BACKGROUND OF THE INVENTION
1. Field of the Invention
The present invention relates to surface-modified metallic materials for medical purposes, in particular materials for use in circulatory medical devices. More specifically, the present invention relates to surface-modified metallic materials prepared by coating a thin film of gold or silver on the surface of metallic substrates, attaching to said thin film functional sulfur compounds having high adsorptivity, and chemically bonding sulfonated poly(ethylene oxide) (PEO) (alternatively, referred to as poly(ethylene) glycol, PEG) to functional groups of said sulfur compounds. The materials of the invention have remarkably improved antithrombogenicity and biocompatibility and thus are especially useful for medical devices such as prosthetic cardiac valves, stents and catheters.
2. Description of the Prior Art
Prosthetic cardiac valves have been implanted and used as substitutes for cardiac valves that have been impaired through hereditary or acquired means. Examples of prosthetic cardiac valves include valves made from tissues and mechanical valves made from metallic materials such as titanium. The tissue valves have good biocompatibility but have a drawback in that their internal durability is inferior due to calcification. The mechanical valves have excellent durability but are defective in that they may be accompanied by the formation of thrombus, requiring the patient to take anticoagulants throughout his or her life. Intensive research has been conducted in the art in order to improve the antithrombogenicity of mechanical valves. But because the formation of thrombus is a normal physiological phenomenon, it is impossible to completely prevent it. Moreover, the formation mechanism of thrombus has not yet been completely explained.
In order to treat the stricture of the coronary arteries, a percutaneous transluminal coronary angioplasty in which blood vessels are expanded by inserting intraaortic baloon catheters into the coronary arteries has been commonly used. This angioplasty has produced relatively good results, and its operation method and apparatus have been continuously developed. However, problems such as chronic closure and restenosis are still unsolved.
Stents are metallic implants in the form of a spring which are inserted into blood vessels to keep them expanded after the angioplasty has been carried out in order to prevent restenosis. Recently, the use of stents has increased. Stents are made from stainless steel, tantalum or titanium-nickel alloys and the like, and various types of stents, such as balloons or tubes have been developed and used. However, it has been found that the effort to prevent restenosis meets with failure about 20% to 30% of the time, even in cases when stents are implanted.

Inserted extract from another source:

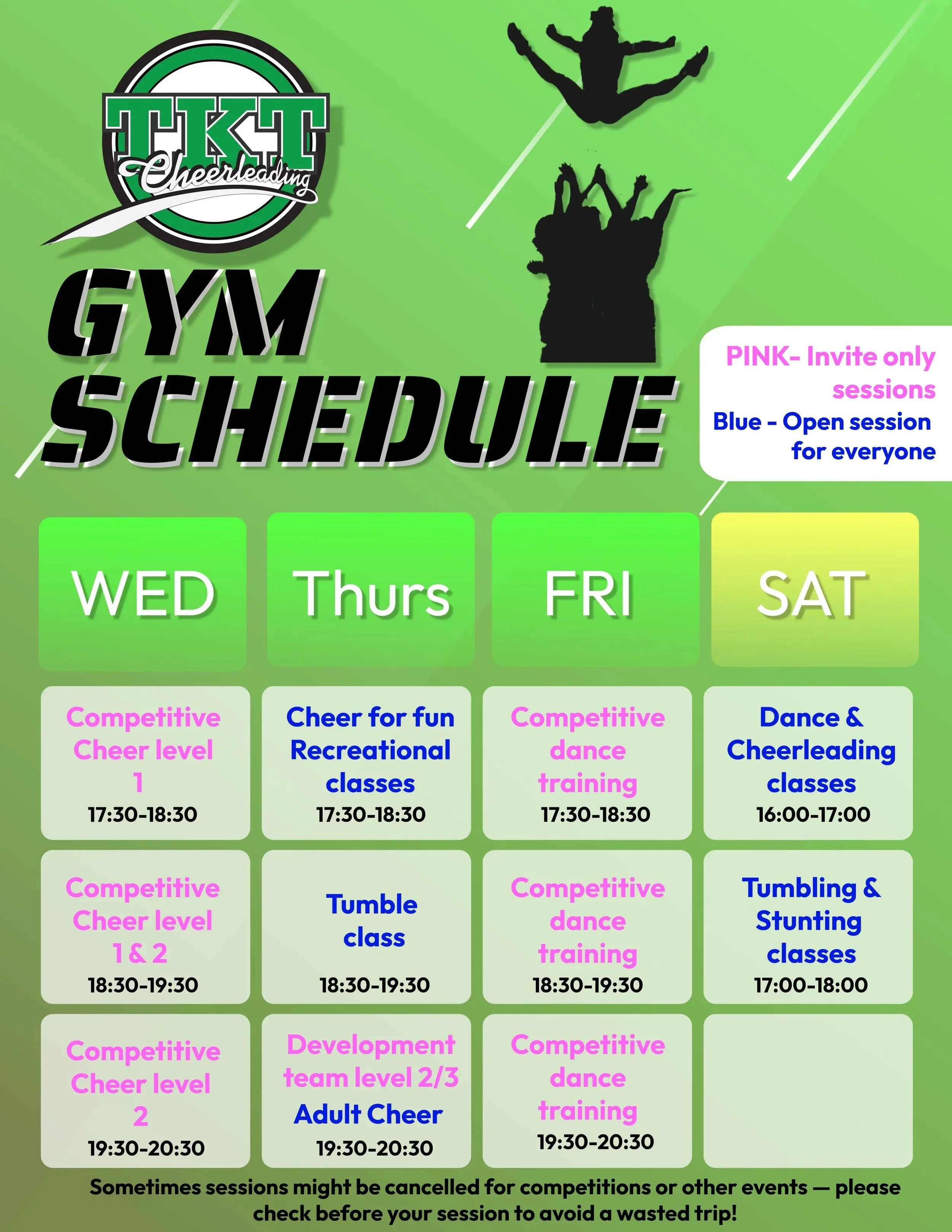 Spotted a competitive cheerleading or dance session in pink that excites you? Get in touch today, and we’ll help you take the first step to joining our talented team! And if you see any sessions in blue, they’re open to everyone in Leamington Spa and surrounding areas — no matter your age or skill level. So why wait? Come join the fun, learn new moves, and be part of our amazing community

It has been also ascertained that the main cause of such failure are restenosis, which is caused by an acute and chronic thrombus formation and the proliferation of smooth muscle cells in the internal walls of blood vessels from the wounds inflicted when inserting stents. The inherent properties of metals make it easy for thrombus to easily form on the surface thereof. Metal surfaces generally have a positive charge and, thus, exhibit high interreactivity with blood having a negative charge. Also, it has been ascertained that metals have high critical surface tension and thus are easily susceptible to the formation of thrombus, as noted by M.F.A. Goosen, et al. in Biomaterials, 17, 685-694 (1996).
U.S. Pat. No. 5,824,045, granted to E. Alt, and U.S. Pat. No. 5,976,169, granted to M. A. Imran, disclose attempts to improve the antithrombogenicity and to reduce allergic reactions of stents made from stainless steel and the like, by vapor deposition of a thin film of gold, platinum, silver or an alloy thereof on the surface of stents. However, these attempts have failed to provide a superior antithrombogenicity effect.
Also, U.S. Pat. No. 5,919,126 granted to A. J. Annini, discloses stents for the prevention of the restenosis by beta-ray emission, which are prepared by vapor deposition of a thin film of gold, platinum, titanium, nickel or the like on the surface thereof made from stainless steel, titanium or nickel-titanium alloy, and then by implanting radioisotopes to the film.
Further, many studies have been made in the art wherein polymers are coated on the surface of metallic materials which are to be used in the preparation of mechanical valves and stents in order to improve their antithromgenicity. For example, a method comprising the covering of the metallic surface with nylon mesh (See T. Yoshioka, et al., Am. J. Radiol., 15, 673-676, 1988), or a method comprising the coating of the metallic surface with silicone (See T. Roeren, et al., Radiology 174, 1069, 1990) or polyurethane (See I. K. De Scheerder, et al., J. Am. Coll. Cardiol 23, 186A, 1994) have been proposed, but these methods have not produced satisfactory results.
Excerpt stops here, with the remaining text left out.